Hi Darrell,

Get a clonoSEQ test - preferably from a Bone Marrow Biopsy. If you’re Negative at 10 -6 (no cancer per million cells), lookup the MRD-SURE Report (web search) and discuss with your Doc about being on Monitoring without any MM Meds.

This is valid for zero and one high risk factors, according to the MRD-SURE Study Report.

My Story @A MyMyelomaTeam Member has a link to a video by Dr Costa where he explains the benefits of being off All MM Meds, if you’re 10 -6 Negative. Secondary cancers is one of many reasons to be get off All MM Meds, if you qualify. Avoiding Jaw bone death from Xgeva or Zometa (has happened to many on this forum) is another. There’s also references at my Story as to the benefits of C3 Curcumin. See the link to the New NIH Study released this year about C3 Curcumin.
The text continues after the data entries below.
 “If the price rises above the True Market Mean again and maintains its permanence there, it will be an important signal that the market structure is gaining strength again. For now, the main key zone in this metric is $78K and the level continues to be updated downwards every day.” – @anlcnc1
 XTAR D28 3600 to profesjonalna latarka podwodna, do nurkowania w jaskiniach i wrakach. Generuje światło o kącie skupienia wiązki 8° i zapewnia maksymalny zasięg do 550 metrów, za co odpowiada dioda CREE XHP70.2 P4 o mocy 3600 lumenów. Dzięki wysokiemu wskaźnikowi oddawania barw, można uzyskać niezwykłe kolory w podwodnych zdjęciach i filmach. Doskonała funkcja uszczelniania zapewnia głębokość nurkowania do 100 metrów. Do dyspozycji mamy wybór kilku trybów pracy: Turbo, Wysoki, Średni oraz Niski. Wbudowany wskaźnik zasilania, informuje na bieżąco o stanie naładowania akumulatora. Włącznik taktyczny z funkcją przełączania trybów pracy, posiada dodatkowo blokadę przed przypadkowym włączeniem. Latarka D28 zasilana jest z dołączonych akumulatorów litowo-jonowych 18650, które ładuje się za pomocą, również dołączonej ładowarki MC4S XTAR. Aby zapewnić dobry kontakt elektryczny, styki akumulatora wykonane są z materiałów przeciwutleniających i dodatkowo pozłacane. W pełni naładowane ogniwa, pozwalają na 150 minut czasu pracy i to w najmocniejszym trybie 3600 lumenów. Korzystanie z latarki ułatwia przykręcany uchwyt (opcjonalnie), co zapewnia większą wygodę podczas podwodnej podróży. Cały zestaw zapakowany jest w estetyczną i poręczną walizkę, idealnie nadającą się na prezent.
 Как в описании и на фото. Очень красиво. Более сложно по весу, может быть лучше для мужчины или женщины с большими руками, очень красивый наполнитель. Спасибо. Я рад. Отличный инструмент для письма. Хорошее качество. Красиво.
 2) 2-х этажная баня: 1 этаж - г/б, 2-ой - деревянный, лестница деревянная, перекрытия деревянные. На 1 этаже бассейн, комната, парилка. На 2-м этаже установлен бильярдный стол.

In many cases, the practices of the “standard of care” are keeping people on MM Meds far too long. New Case Studies released just this year are proving Less is Best, IF you’re in Complete Remission at 10 -6. This year, there are posts of More and More People that are Transitioning to just Monitoring at their Doctor’s suggestion.

All the Best - Larry2

Mentioned Users

A MyMyelo...

I have been on Revlimid 10mg for about a year now. I take it every day and Zometa every 3 months. I am MRD negative. Doctor told me I would stay on maintenance for approximately 2 years. My specialist is saying 3 is the lucky number. They do talk so I am sure if something changes they will tell me.
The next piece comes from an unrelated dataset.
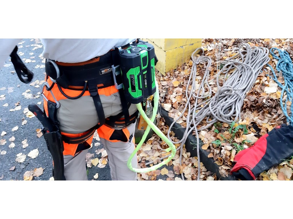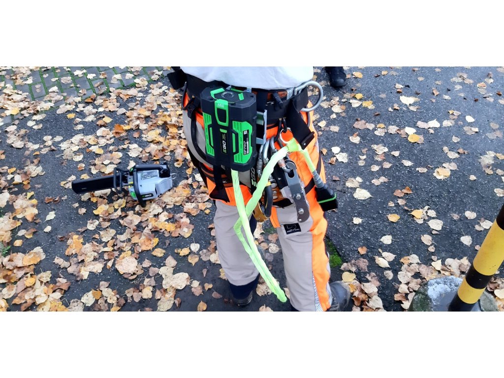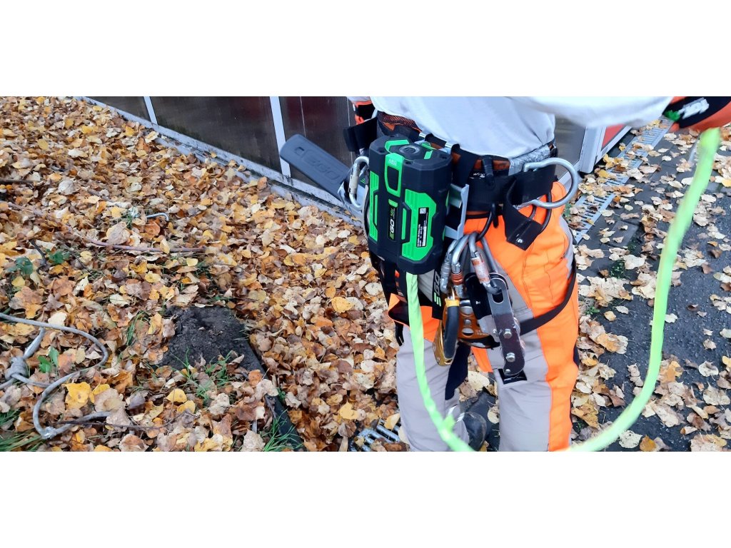 Je všeobecně známo, že čím větší baterie, tím větší výkon, delší pracovní doba, ale bohužel i větší hmotnost baterie. Na druhou stranu zase čím lehčí je stroj, tím komfortnější a snadnější je jeho obsluha. Např. baterie s kapacitou 5,0 Ah váží 2,2kg a např. baterie s dvojnásobnou kapacitou 10,0Ah váží již 3,4kg. To je hmotnost, která při dlouhodobější práci stojí za to převést z rukou na záda. Proto existuje pohodlnější způsob maximálního využití energie bez zbytečného zatěžování rukou. Díky ergonomickému profesionálnímu opaskovému nosiči baterií přemístíme hmotnost baterie na bedra uživatele a stroj se stává podstatně lehčím a ovladatelnějším. Nosič je opatřen kompaktním lože na baterii a závěsem na opasek uživatele. Proti vysunutí nosiče z opasku slouží pojistné řemínky. Pro případ možnosti napájení strojů z kategorie EGO Power+ a EGO Pwer+ Professional je nutné dokoupit adaptér ADB1000.

Hi Darrell - in case you’re not familiar, MRD means Minimum Residual Disease. Complete Remission and MRD Negative are considered to be true when the NGS (next generation sequencing) method from clonoSEQ returns a value of zero cancer cells per million tested. This is currently the most sensitive testing method available.

Wow. I feel for you. I only take Velcade. One of my oncologist recommended that I take Revlimid as well but my Transplant oncologist said it’s to much for maintenance if the transplant did its job. So far so good.

I’ve been on maintenance for 4 years after my SCT. Two days in a row every other week with Kyprolis and Dexamethasone. Revlimid 21 days out of 28 days. Plus a miriad of other supporting meds, like a daily antibiotic, an antifungal, pantoprazole, etc. I will be till I die. Feel like crap for 3-4 days after my infusion, then better, though never really good, with a number of side effects. My MRD is around 86/million and has been since my SCT.